"Shoot-to-kill" policy continues unabashed
Officers killed that innocent man under incredible circumstances. We now know the only thing which connected the late Jean de Menezes with the July 2005 London bombings was that he happened to live in the same apartment block as the suspect. But we have been fed a web of deceit created by the police force:
- The murdered man was positively identified as one of the bombers: he was not. The police officer who might have given an identification was appartently on a toilet break.
- The murdered man was wearing a long, thick coat which could have concealed bombs strapped around his body: he was not. He was wearing a light denim jacket.
- The murdered man ran from police when challenged, jumped over the ticket barrier and took flight: he did not. He used his season ticket to pass through the ticket barrier. He did not run at all until he found a train already on the platform, from when he ran aboard.

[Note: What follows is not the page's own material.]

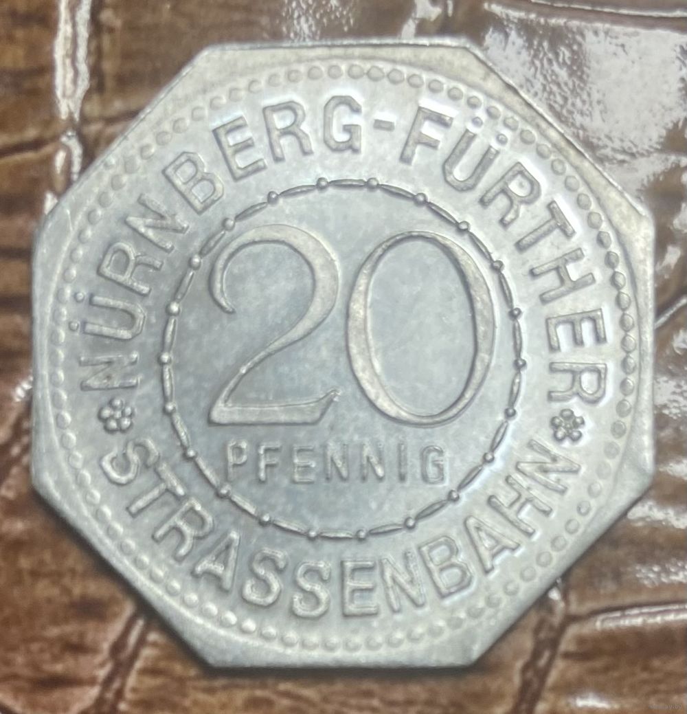 Германия Нюрнберг нотгельд 20 пфеннигов 1919 год. Бург. трамвайный жетон

- The murdered man could have set off a bomb had he been carrying one: of course he could not. He half-fell and was half-pushed to the ground by the police officers in pursuit. A falling man puts his hands out to break his fall, and as an innocent man that is undoubtedly what he will have done. In that circumstance it is quite impossible for him to trigger any device. And in any case, we now understand that he was being held by one or more officer(s) at the time he was shot.
The murdered man was shot 7 times to the head at close range; and then the Met' Commissioner, Sir Ian Blair told a news conference they had an air ambulance on the scene, but he was found to be dead!!

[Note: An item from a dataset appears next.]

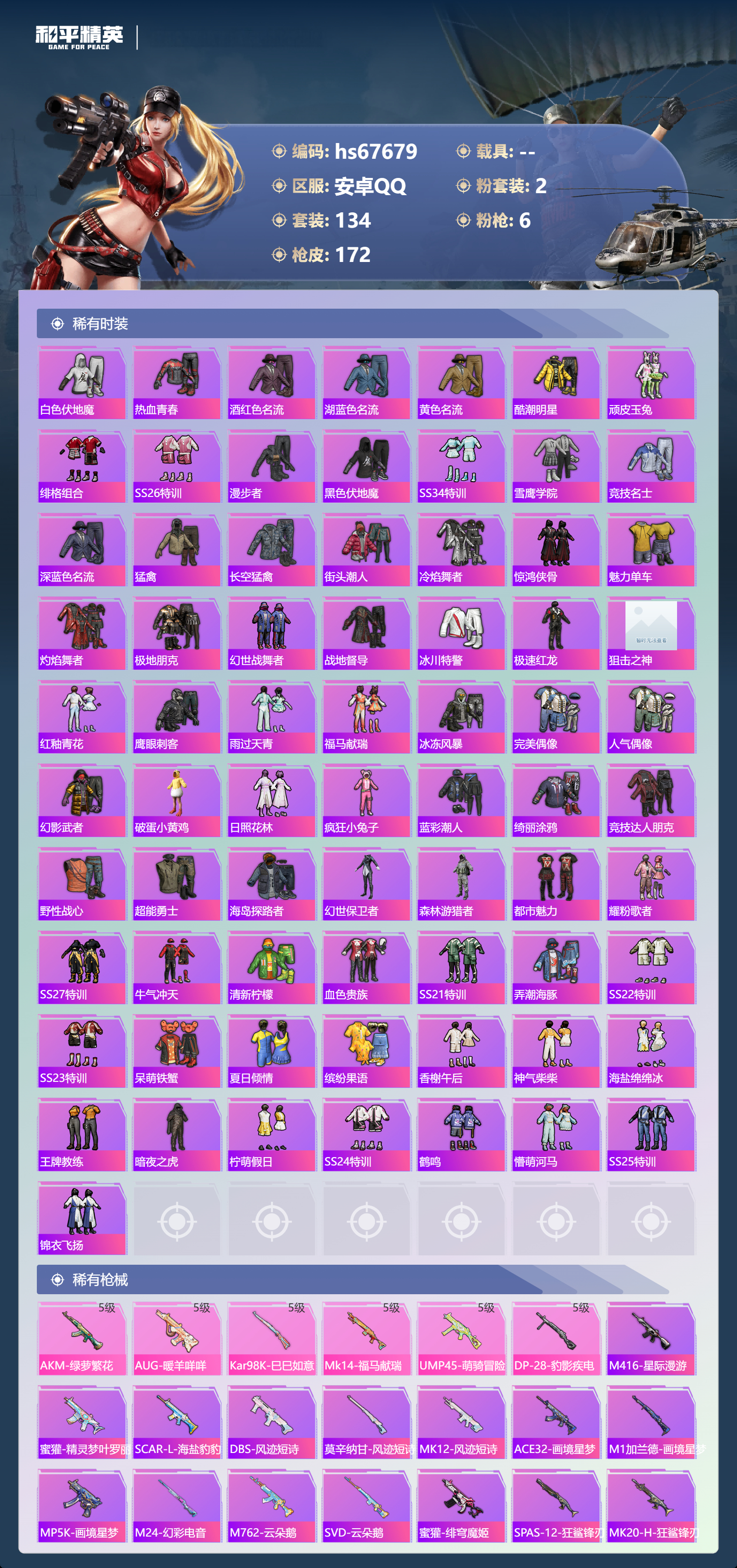 hs67679 安卓手Q-3王牌印记-1红装-2粉装-6特效枪-47038热力值-134套装-172枪皮

And today we are told by an unapologetic Commissioner that his policy stands. He justifies it by saying this is the same policy:
"If somebody was holding a 10-year-old child with a knife to the child's neck and is about to start cutting the child's head off, the only shot available might be to the head, in which case that's what would be done."
It's difficult to see how somebody who can be clearly seen to be a clear and present threat to a child can be compared to someone who has not been seen or effectively judged to be any threat at all. The only thing that John Menenzes did at the tube station that day which in any way distinguished himself from any other passenger on the station was to die a violent, unprovoked and callous death.
Well, it seems that we need to see more murders on the grounds of counter-terrorism... one a day, if possible, for as long as it takes for the public to realise that the next victim of the shoot-to-kill policy could and may well be them. It seems it will take politicians intent on creating a police state the absolute assurance of being flung from office to get any sense back into counter-terrorist policy.